RECORDS TO PROCESS: Begin

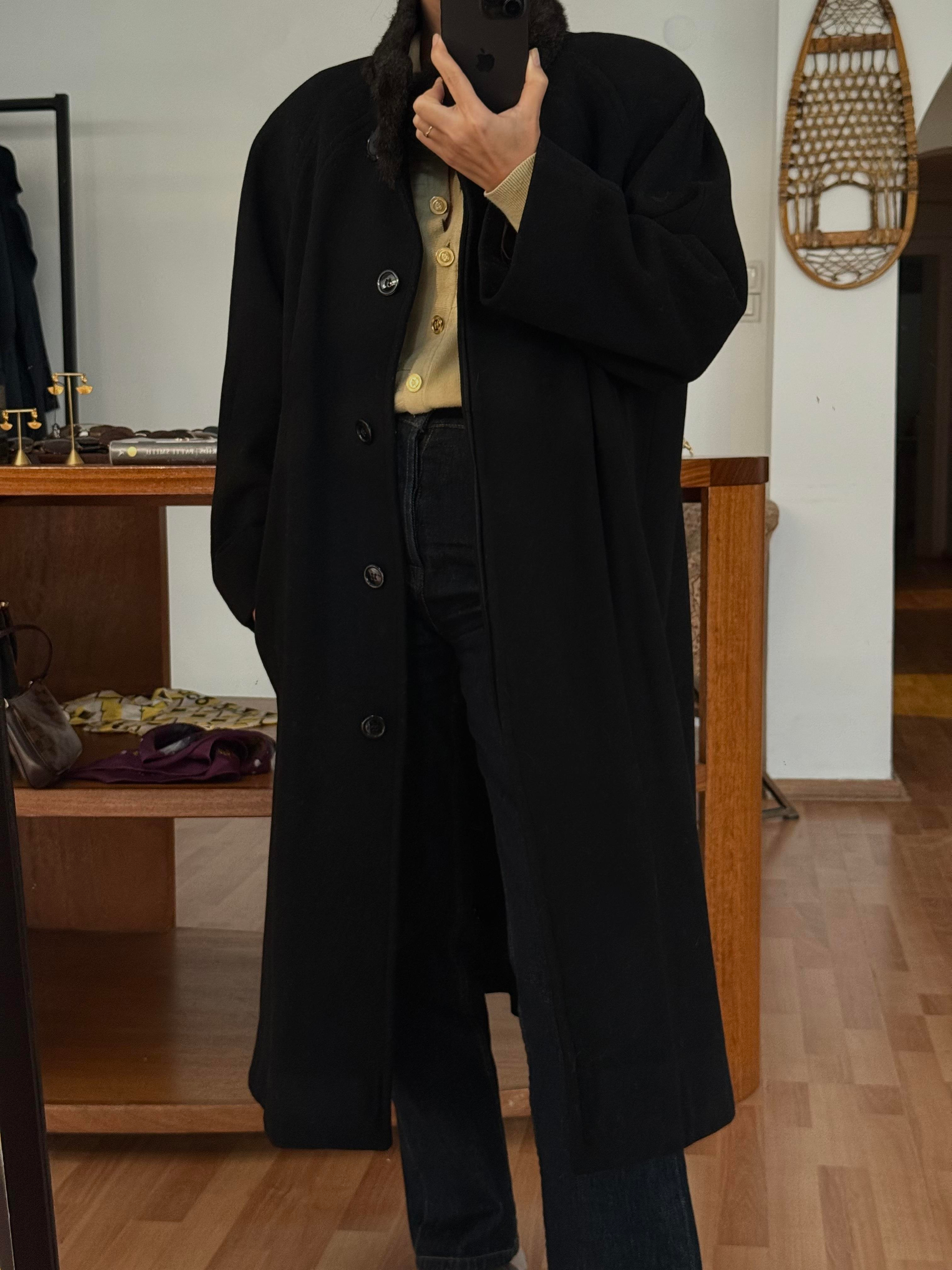 SİYAH KÜRK YAKA YÜN PALTO
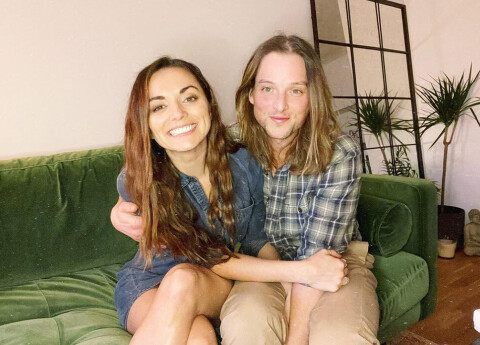 La pareja posó en el sofá para una foto, sin darse cuenta de que se convertirían en los personajes de la ilusión óptica.
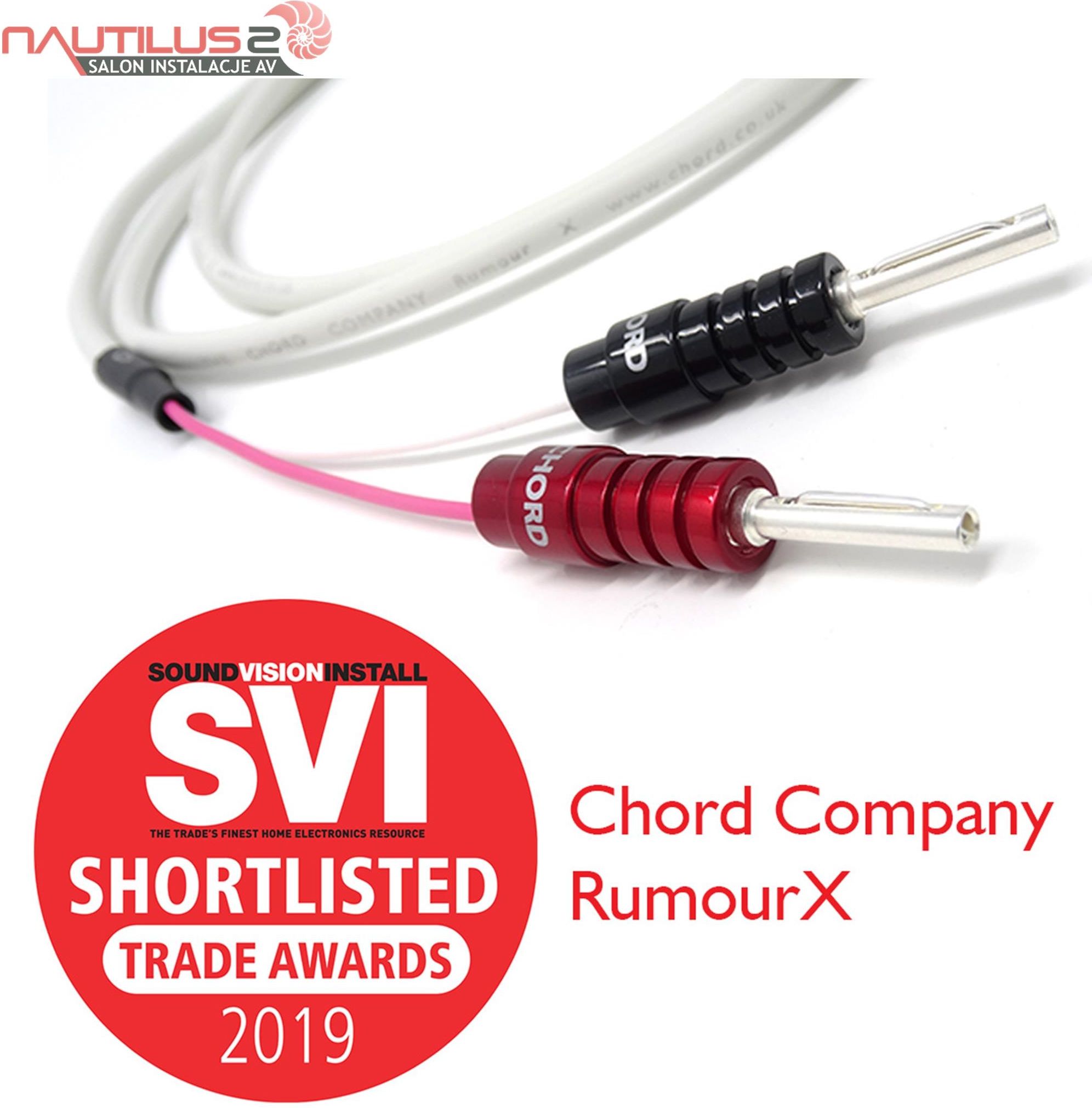 Chord Rumour X – kabel głośnikowy. Konfekcja na firmowych wtykach bananowych ChordOhmic. Kabel ten jest częścią oferty Chord od ponad dwudziestu lat. Rumor X to neutralny, naturalny kabel głośnikowy o dyskretnym wyglądzie - idealny do wielu zastosowań. Wystarczająco dobry, aby znaleźć miejsce w każdym systemie, od lifestyle po naprawdę wysokiej klasy hi-fi. Najlepszy wybór dla każdej wysokiej jakości instalacji audio-wideo. Wyjątkowa technologia w dyskretnej formie. Wypróbowane, przetestowane i zalecane przez producentów audio, instalatorów systemów typu „custom i melomanów.Chord Rumor był naszym drugim podejściem do kabla głośnikowego. Pierwszymi produktami były modele Myth oraz Legend – płaskie kable z miedzi z polietylenowym dielektrykiem, w klasycznej konfiguracji i w wersji bi-wiring. Badaliśmy kable głośnikowe, w których zastosowaliśmy posrebrzane przewodniki w połączeniu z izolacją PTFE. Eksperymentowaliśmy z konfiguracjami skrętek, ponieważ w tym czasie równolegle ustawione przewody o dużej średnicy były standardem dla kabli głośnikowych. Skręcając ze sobą przewodniki, mogliśmy usłyszeć, jak obniża się poziom szumów w systemie. Kiedy osiągnęliśmy idealny współczynnik skrętu, byliśmy gotowi do tego projektu.Kiedy w 1996 roku wprowadziliśmy na rynek model Chord Rumor, był to jeden z najmniej rzucających się w oczy kabli głośnikowych. Sprzedawcy zabierali go do swoich pokojów demonstracyjnych, patrząc na niego podejrzliwie, a wychodzili z nich zaskoczeni i zachwyceni. Brzmiał o wiele lepiej niż wyglądał, świetnie oddając szczegóły i dynamikę. Był też bardziej spójny niż jakikolwiek inny kabel w tym zakresie cenowym. Gdy ludzie przyzwyczaili się do jego rozmiarów i słuchali, a nie patrzyli, stał się bardzo popularnym wyborem. Oprócz zmian kosmetycznych jego konstrukcja pozostawała niezmieniona przez wiele lat.Jego średnica, kolor dielektryka i jakość dźwięku powodują, że wciąż jest bardzo popularnym kablem. Ekranowany kabel głośnikowy Chord Shawline korzysta z tych samych przewodników.Poprzednie wersje modelu Rumor korzystały z izolacji PTFE (znaną również pod nazwą Teflon) i do czasu pojawienia się Taylonu był to materiał, z którego często korzystaliśmy. Choć drogi, PTFE oferował najlepszy stosunek jakości do ceny.Tyle tylko, że technologia materiałowa stale się rozwija, a obecnie dostępne są ciekawe zamienniki dla PTFE. Ponieważ wysoki koszt wytworzenia Taylonu uniemożliwia nam stosowanie go we wszystkich naszych seriach, udało nam się znaleźć odpowiednią rodzinę materiałów izolacyjnych, które mogą go zastąpić, znanych jako XLPE (usieciowany polietylen). Jedna z wersji tego materiału wyglądała szczególnie interesująco i po testach odsłuchowych okazała się wyraźnie lepsza niż PTFE. Dlatego zastosowaliśmy ją w nowym kablu głośnikowym Rumor, obecnie znanym jako Rumor X. Specyfikacja techniczna
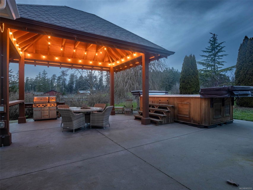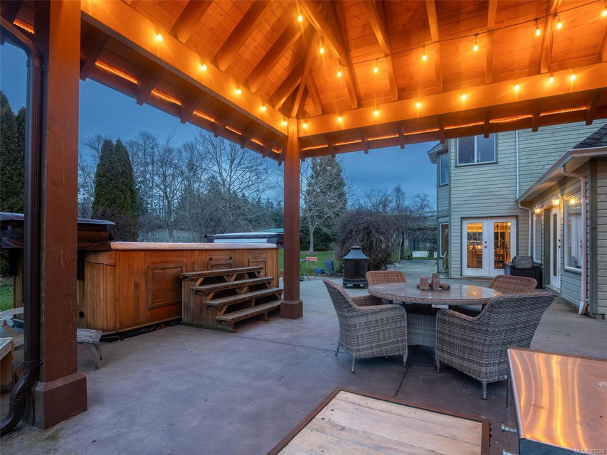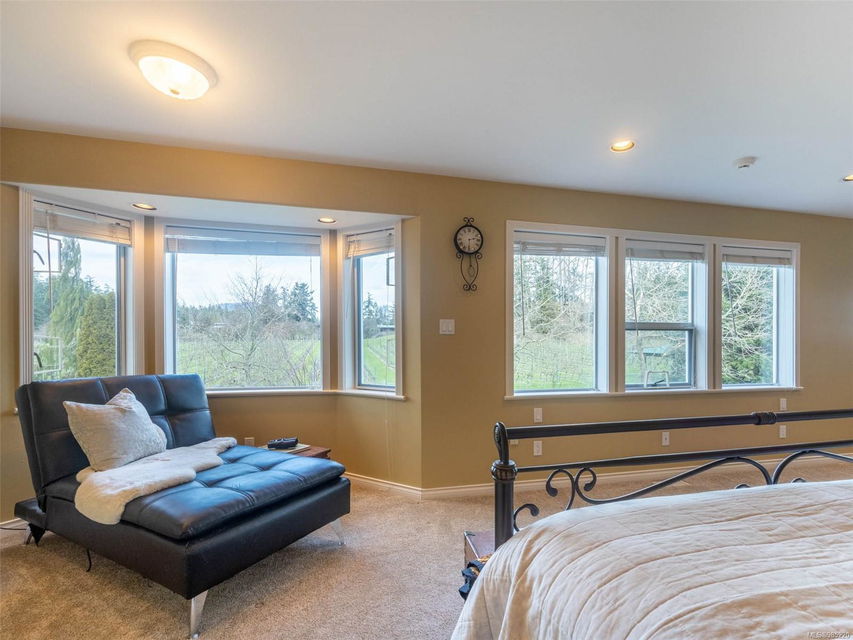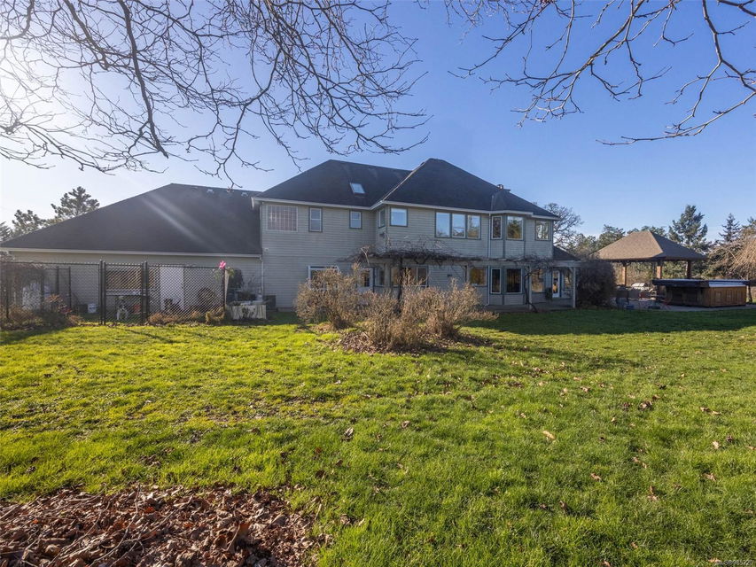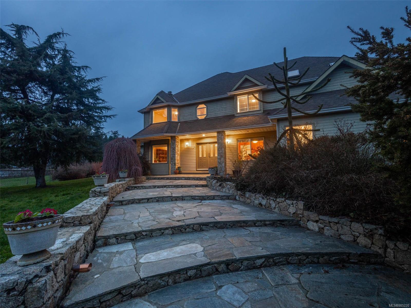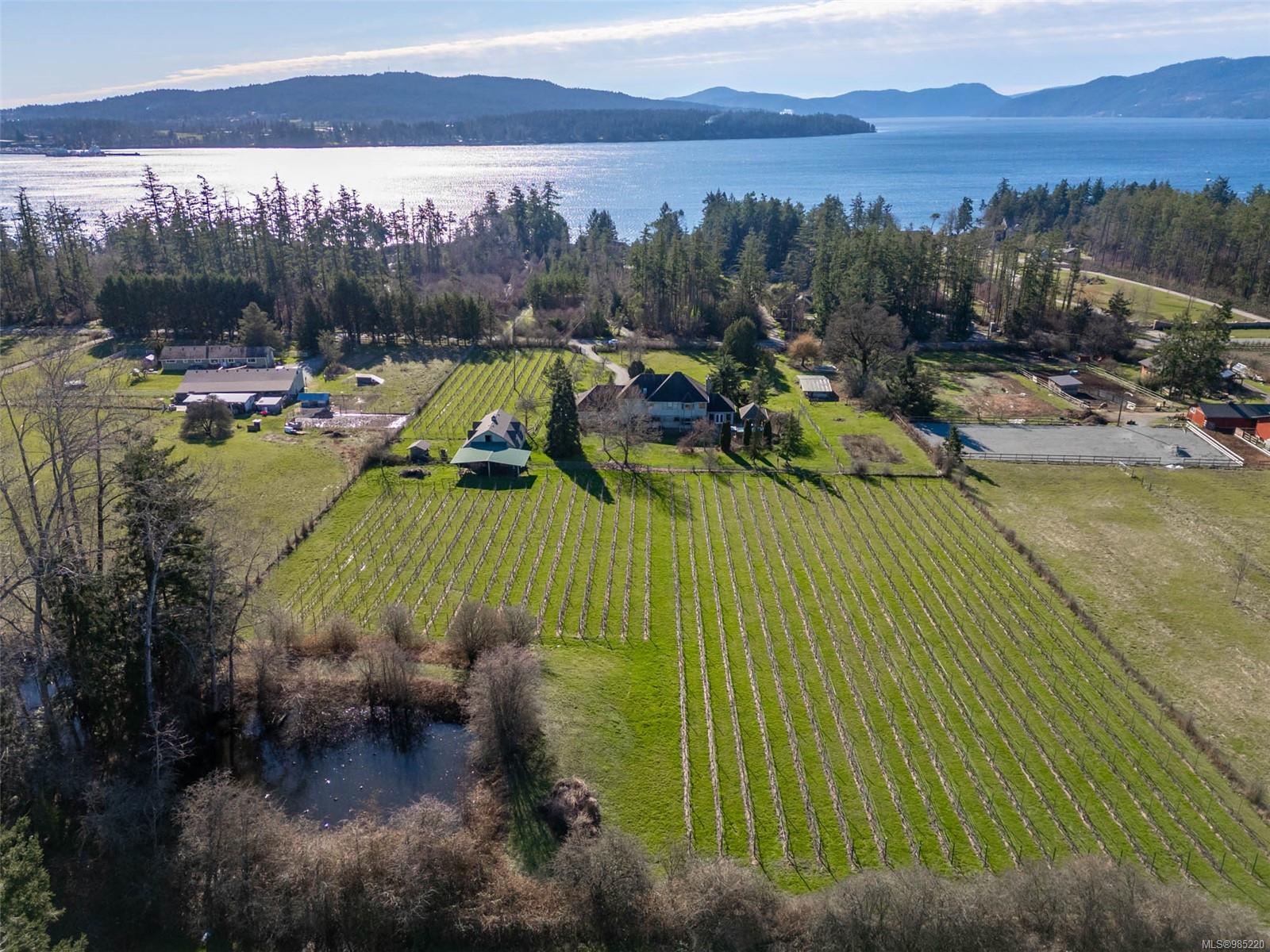 Nestled in the heart of the sought-after Saanich Peninsula, this enchanting 5-acre estate offers a rare opportunity to live in one of the area’s most premium growing regions. Bathed in sunlight, the south-facing fields boast gently sloping land, ideal for a flourishing vineyard and complemented by a charming orchard lining the private driveway. Step inside the meticulously crafted 4200+ sq ft family home and be welcomed by a spacious, sunlit kitchen equipped with top-of-the-line appliances and solid surface countertops. The main level flows effortlessly, featuring a formal dining room and a cozy living room with stunning views of the picturesque surroundings. A stone-surround fireplace anchors the family room, which opens onto a patio complete with a large gazebo and a relaxing swim spa—perfect for entertaining or unwinding in serene luxury. Upstairs, the primary suite is a tranquil retreat, while four additional bedrooms offer comfort and scenic vistas for family or guests. Outside, the versatile barn provides space for pets, hobbies, or farming ventures, enhancing the property’s endless possibilities. Whether you’re captivated by the art of winemaking or simply seeking a peaceful countryside escape, this exceptional property blends elegance and rural charm in a truly unique location. Embrace the lifestyle of your dreams—make this stunning estate your sanctuary today.
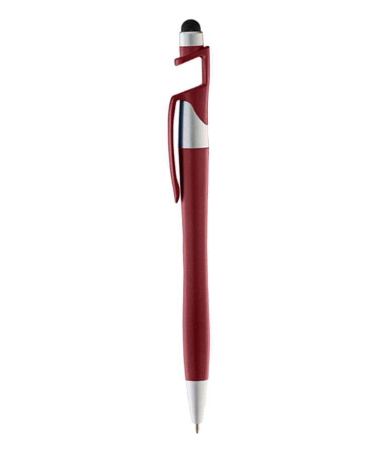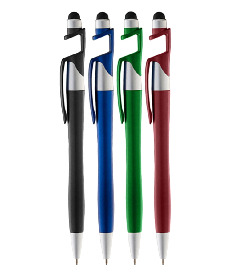 - A twist action pen with a built-in phone stand and stylus.

RECORDS TO PROCESS: End

What is needed here is an exact transcription of every record above, with images excluded.

» **WRITTEN SOLUTION**:
 SİYAH KÜRK YAKA YÜN PALTO
 La pareja posó en el sofá para una foto, sin darse cuenta de que se convertirían en los personajes de la ilusión óptica.
 Chord Rumour X – kabel głośnikowy. Konfekcja na firmowych wtykach bananowych ChordOhmic. Kabel ten jest częścią oferty Chord od ponad dwudziestu lat. Rumor X to neutralny, naturalny kabel głośnikowy o dyskretnym wyglądzie - idealny do wielu zastosowań. Wystarczająco dobry, aby znaleźć miejsce w każdym systemie, od lifestyle po naprawdę wysokiej klasy hi-fi. Najlepszy wybór dla każdej wysokiej jakości instalacji audio-wideo. Wyjątkowa technologia w dyskretnej formie. Wypróbowane, przetestowane i zalecane przez producentów audio, instalatorów systemów typu „custom i melomanów.Chord Rumor był naszym drugim podejściem do kabla głośnikowego. Pierwszymi produktami były modele Myth oraz Legend – płaskie kable z miedzi z polietylenowym dielektrykiem, w klasycznej konfiguracji i w wersji bi-wiring. Badaliśmy kable głośnikowe, w których zastosowaliśmy posrebrzane przewodniki w połączeniu z izolacją PTFE. Eksperymentowaliśmy z konfiguracjami skrętek, ponieważ w tym czasie równolegle ustawione przewody o dużej średnicy były standardem dla kabli głośnikowych. Skręcając ze sobą przewodniki, mogliśmy usłyszeć, jak obniża się poziom szumów w systemie. Kiedy osiągnęliśmy idealny współczynnik skrętu, byliśmy gotowi do tego projektu.Kiedy w 1996 roku wprowadziliśmy na rynek model Chord Rumor, był to jeden z najmniej rzucających się w oczy kabli głośnikowych. Sprzedawcy zabierali go do swoich pokojów demonstracyjnych, patrząc na niego podejrzliwie, a wychodzili z nich zaskoczeni i zachwyceni. Brzmiał o wiele lepiej niż wyglądał, świetnie oddając szczegóły i dynamikę. Był też bardziej spójny niż jakikolwiek inny kabel w tym zakresie cenowym. Gdy ludzie przyzwyczaili się do jego rozmiarów i słuchali, a nie patrzyli, stał się bardzo popularnym wyborem. Oprócz zmian kosmetycznych jego konstrukcja pozostawała niezmieniona przez wiele lat.Jego średnica, kolor dielektryka i jakość dźwięku powodują, że wciąż jest bardzo popularnym kablem. Ekranowany kabel głośnikowy Chord Shawline korzysta z tych samych przewodników.Poprzednie wersje modelu Rumor korzystały z izolacji PTFE (znaną również pod nazwą Teflon) i do czasu pojawienia się Taylonu był to materiał, z którego często korzystaliśmy. Choć drogi, PTFE oferował najlepszy stosunek jakości do ceny.Tyle tylko, że technologia materiałowa stale się rozwija, a obecnie dostępne są ciekawe zamienniki dla PTFE. Ponieważ wysoki koszt wytworzenia Taylonu uniemożliwia nam stosowanie go we wszystkich naszych seriach, udało nam się znaleźć odpowiednią rodzinę materiałów izolacyjnych, które mogą go zastąpić, znanych jako XLPE (usieciowany polietylen). Jedna z wersji tego materiału wyglądała szczególnie interesująco i po testach odsłuchowych okazała się wyraźnie lepsza niż PTFE. Dlatego zastosowaliśmy ją w nowym kablu głośnikowym Rumor, obecnie znanym jako Rumor X. Specyfikacja techniczna
 Nestled in the heart of the sought-after Saanich Peninsula, this enchanting 5-acre estate offers a rare opportunity to live in one of the area’s most premium growing regions. Bathed in sunlight, the south-facing fields boast gently sloping land, ideal for a flourishing vineyard and complemented by a charming orchard lining the private driveway. Step inside the meticulously crafted 4200+ sq ft family home and be welcomed by a spacious, sunlit kitchen equipped with top-of-the-line appliances and solid surface countertops. The main level flows effortlessly, featuring a formal dining room and a cozy living room with stunning views of the picturesque surroundings. A stone-surround fireplace anchors the family room, which opens onto a patio complete with a large gazebo and a relaxing swim spa—perfect for entertaining or unwinding in serene luxury. Upstairs, the primary suite is a tranquil retreat, while four additional bedrooms offer comfort and scenic vistas for family or guests. Outside, the versatile barn provides space for pets, hobbies, or farming ventures, enhancing the property’s endless possibilities. Whether you’re captivated by the art of winemaking or simply seeking a peaceful countryside escape, this exceptional property blends elegance and rural charm in a truly unique location. Embrace the lifestyle of your dreams—make this stunning estate your sanctuary today.
 - A twist action pen with a built-in phone stand and stylus.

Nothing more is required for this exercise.